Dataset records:
%%
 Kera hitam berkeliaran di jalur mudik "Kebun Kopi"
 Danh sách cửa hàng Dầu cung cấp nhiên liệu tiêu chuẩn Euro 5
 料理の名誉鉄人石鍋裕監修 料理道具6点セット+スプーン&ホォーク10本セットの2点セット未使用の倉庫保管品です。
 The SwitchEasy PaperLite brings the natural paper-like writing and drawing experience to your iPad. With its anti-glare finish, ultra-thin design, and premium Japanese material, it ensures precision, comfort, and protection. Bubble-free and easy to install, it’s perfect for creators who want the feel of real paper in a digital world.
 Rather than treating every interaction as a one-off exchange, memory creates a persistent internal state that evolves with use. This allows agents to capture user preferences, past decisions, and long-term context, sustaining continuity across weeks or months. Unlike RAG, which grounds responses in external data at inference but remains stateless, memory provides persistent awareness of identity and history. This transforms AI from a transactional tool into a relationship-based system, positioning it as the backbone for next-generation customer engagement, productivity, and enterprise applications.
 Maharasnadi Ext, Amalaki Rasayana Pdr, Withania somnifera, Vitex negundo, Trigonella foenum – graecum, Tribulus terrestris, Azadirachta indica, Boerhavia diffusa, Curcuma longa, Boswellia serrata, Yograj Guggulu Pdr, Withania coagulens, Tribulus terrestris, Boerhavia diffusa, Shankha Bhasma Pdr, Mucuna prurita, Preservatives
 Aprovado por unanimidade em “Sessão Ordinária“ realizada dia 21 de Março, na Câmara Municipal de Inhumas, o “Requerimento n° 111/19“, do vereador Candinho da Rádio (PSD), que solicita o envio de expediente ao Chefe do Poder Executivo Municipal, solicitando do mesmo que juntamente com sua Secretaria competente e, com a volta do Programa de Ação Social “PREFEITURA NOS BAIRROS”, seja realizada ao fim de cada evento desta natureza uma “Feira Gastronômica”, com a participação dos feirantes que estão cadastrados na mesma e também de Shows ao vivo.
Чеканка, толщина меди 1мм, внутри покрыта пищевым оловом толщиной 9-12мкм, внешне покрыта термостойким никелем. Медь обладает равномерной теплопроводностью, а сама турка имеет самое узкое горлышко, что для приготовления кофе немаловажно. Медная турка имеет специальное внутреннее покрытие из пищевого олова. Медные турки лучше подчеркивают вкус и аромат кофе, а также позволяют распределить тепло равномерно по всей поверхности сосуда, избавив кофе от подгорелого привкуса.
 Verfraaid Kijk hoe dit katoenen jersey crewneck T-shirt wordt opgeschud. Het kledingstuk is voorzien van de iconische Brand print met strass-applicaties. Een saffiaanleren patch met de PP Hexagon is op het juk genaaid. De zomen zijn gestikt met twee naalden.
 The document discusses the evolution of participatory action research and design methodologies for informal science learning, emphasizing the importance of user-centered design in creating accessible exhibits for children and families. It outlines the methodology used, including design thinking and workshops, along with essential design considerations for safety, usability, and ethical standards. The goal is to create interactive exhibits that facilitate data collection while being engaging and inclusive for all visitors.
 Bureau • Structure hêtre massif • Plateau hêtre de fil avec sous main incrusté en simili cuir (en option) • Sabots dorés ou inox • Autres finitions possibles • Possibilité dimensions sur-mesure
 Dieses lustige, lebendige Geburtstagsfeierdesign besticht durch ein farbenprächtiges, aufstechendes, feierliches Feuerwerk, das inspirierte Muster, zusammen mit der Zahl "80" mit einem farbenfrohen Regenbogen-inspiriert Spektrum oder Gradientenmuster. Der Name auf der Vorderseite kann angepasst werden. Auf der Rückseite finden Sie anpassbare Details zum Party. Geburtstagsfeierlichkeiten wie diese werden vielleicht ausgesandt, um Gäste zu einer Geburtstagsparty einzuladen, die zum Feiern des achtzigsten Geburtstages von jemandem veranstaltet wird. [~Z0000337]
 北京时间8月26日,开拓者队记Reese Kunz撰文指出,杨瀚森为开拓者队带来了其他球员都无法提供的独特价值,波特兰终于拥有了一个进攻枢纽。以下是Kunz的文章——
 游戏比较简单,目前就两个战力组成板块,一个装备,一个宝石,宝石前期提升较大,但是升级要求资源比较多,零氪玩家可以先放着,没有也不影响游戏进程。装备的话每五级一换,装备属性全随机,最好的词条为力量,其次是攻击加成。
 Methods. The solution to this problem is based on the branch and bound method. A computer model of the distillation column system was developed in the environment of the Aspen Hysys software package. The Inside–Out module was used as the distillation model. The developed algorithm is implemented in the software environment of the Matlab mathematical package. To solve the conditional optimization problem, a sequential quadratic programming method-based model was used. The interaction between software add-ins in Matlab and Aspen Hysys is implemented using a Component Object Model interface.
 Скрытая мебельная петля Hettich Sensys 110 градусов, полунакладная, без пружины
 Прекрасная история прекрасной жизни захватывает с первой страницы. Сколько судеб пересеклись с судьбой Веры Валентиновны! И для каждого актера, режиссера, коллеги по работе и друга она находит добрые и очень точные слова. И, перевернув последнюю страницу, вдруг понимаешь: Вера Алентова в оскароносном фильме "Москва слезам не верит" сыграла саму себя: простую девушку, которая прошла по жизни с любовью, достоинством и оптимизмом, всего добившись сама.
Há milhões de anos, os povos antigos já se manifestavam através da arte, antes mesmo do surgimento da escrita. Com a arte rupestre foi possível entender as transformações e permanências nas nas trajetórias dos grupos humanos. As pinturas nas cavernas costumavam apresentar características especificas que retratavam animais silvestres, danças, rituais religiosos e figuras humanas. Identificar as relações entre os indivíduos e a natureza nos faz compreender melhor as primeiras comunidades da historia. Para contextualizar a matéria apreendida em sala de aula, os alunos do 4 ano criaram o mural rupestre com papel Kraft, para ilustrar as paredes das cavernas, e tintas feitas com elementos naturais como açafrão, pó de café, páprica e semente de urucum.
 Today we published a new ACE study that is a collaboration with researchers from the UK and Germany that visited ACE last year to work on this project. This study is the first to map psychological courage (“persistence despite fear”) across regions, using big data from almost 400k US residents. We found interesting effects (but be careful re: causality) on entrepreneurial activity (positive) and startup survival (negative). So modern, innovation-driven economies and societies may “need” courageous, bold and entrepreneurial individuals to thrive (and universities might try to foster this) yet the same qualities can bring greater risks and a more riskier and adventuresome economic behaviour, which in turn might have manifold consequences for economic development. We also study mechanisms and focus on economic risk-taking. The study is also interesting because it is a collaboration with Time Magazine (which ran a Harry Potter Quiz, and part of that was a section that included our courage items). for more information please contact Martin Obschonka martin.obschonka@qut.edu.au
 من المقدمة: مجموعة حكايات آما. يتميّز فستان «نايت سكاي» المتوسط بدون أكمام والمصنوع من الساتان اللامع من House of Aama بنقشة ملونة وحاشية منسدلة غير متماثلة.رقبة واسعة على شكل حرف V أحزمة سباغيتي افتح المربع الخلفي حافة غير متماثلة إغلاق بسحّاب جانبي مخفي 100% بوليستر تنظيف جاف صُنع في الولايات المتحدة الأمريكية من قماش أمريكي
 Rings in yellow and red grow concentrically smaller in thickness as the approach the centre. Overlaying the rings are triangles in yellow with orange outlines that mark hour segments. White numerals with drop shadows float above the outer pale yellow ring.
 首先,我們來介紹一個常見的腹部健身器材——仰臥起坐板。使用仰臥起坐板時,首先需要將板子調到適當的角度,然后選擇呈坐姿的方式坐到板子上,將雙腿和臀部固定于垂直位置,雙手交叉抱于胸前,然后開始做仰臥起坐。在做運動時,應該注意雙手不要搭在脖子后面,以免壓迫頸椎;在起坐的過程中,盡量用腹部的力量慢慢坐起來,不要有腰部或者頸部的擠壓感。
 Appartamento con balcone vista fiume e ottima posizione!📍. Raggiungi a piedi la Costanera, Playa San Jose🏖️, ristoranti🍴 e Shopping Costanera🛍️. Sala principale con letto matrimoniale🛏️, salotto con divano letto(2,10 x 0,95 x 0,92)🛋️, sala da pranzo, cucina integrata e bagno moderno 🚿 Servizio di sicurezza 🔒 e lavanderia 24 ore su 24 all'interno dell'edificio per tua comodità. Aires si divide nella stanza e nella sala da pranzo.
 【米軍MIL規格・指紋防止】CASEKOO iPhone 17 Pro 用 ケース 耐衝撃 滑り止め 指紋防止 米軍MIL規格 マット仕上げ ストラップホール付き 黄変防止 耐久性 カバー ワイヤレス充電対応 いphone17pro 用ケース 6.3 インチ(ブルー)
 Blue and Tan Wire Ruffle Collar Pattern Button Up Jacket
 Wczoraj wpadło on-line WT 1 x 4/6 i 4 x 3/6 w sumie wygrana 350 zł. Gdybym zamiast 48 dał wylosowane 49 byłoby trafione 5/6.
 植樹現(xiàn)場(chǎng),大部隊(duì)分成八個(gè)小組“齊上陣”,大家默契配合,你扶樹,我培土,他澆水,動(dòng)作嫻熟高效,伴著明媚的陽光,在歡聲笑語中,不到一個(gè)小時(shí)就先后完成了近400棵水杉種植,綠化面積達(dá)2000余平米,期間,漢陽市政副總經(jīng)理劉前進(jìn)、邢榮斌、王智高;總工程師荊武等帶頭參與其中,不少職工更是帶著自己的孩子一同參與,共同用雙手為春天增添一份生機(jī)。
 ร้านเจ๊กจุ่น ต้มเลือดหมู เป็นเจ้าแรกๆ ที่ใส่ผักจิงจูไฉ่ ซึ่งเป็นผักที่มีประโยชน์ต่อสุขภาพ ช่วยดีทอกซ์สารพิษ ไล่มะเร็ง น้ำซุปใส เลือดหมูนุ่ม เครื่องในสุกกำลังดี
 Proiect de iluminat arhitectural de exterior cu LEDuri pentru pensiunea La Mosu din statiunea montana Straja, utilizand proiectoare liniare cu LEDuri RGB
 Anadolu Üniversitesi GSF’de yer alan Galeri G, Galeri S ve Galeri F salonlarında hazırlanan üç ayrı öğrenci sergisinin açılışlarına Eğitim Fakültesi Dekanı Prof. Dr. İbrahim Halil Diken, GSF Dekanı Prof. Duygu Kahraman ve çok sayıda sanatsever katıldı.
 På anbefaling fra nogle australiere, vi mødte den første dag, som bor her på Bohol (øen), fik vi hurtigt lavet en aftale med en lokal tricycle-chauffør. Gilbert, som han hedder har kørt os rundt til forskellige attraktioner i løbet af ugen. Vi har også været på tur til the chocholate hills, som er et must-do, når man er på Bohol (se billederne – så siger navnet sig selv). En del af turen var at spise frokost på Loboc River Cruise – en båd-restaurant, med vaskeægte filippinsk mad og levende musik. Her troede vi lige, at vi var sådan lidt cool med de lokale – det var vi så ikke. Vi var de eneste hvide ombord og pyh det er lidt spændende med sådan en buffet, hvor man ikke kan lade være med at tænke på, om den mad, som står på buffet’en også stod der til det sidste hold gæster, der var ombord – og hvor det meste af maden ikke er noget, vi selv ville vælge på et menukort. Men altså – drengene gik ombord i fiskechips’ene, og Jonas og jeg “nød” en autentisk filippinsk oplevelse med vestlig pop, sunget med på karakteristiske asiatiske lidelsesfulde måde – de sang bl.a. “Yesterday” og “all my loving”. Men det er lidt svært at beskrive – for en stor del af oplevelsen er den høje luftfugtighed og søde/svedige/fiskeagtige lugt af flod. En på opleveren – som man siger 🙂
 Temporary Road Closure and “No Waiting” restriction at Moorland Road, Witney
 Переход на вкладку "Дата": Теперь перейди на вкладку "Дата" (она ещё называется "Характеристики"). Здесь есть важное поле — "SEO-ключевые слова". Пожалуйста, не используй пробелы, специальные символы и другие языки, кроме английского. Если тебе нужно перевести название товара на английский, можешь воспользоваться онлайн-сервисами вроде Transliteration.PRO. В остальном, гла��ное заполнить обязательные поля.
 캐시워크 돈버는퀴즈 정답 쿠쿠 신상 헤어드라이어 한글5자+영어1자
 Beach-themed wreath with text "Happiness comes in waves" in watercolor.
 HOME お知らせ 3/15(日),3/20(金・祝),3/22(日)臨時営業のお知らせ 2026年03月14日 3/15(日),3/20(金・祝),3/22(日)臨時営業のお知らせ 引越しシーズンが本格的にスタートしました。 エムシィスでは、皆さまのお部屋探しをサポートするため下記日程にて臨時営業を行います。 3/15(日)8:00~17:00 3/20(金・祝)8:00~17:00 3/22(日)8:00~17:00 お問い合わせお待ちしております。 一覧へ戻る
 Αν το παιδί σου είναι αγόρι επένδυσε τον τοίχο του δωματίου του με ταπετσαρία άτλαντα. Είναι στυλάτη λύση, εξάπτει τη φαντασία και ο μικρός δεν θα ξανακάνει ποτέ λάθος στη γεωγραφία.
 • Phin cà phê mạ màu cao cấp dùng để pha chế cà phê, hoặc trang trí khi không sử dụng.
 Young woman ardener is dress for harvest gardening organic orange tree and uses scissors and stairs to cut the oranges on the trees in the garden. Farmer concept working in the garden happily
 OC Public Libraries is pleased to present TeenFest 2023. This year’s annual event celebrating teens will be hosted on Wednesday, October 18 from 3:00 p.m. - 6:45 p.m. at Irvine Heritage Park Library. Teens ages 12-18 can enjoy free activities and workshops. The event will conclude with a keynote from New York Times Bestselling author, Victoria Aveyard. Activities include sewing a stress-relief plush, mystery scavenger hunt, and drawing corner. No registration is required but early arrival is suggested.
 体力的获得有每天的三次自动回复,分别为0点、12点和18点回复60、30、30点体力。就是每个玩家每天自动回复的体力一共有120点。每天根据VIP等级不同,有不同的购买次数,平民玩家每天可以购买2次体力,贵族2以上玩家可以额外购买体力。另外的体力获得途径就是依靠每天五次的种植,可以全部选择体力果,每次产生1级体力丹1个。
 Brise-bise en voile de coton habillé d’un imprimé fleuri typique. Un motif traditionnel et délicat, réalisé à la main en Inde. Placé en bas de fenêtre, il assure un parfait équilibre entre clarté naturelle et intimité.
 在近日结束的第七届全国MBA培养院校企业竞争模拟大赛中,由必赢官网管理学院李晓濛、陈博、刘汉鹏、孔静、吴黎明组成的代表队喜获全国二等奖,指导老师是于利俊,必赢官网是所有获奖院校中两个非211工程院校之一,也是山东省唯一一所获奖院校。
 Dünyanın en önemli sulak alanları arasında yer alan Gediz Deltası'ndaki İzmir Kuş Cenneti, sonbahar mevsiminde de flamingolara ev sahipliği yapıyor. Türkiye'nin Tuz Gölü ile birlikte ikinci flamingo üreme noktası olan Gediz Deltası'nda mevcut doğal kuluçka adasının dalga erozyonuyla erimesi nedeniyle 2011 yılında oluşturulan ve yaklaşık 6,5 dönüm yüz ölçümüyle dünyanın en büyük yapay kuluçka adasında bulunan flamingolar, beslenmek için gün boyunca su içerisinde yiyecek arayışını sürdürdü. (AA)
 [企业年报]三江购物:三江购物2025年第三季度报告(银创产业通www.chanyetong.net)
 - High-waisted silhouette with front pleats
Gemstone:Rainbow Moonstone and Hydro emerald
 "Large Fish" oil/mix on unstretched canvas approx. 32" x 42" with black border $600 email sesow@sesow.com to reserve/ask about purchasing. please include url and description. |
%%
| TASK DETAILS |
Transcribe verbatim. Cover the lines from the first line of the entries above to the line containing "The SwitchEasy PaperLite", inclusive.

| OUTPUT FOR THIS EXERCISE |
 Kera hitam berkeliaran di jalur mudik "Kebun Kopi"
 Danh sách cửa hàng Dầu cung cấp nhiên liệu tiêu chuẩn Euro 5
 料理の名誉鉄人石鍋裕監修 料理道具6点セット+スプーン&ホォーク10本セットの2点セット未使用の倉庫保管品です。
 The SwitchEasy PaperLite brings the natural paper-like writing and drawing experience to your iPad. With its anti-glare finish, ultra-thin design, and premium Japanese material, it ensures precision, comfort, and protection. Bubble-free and easy to install, it’s perfect for creators who want the feel of real paper in a digital world.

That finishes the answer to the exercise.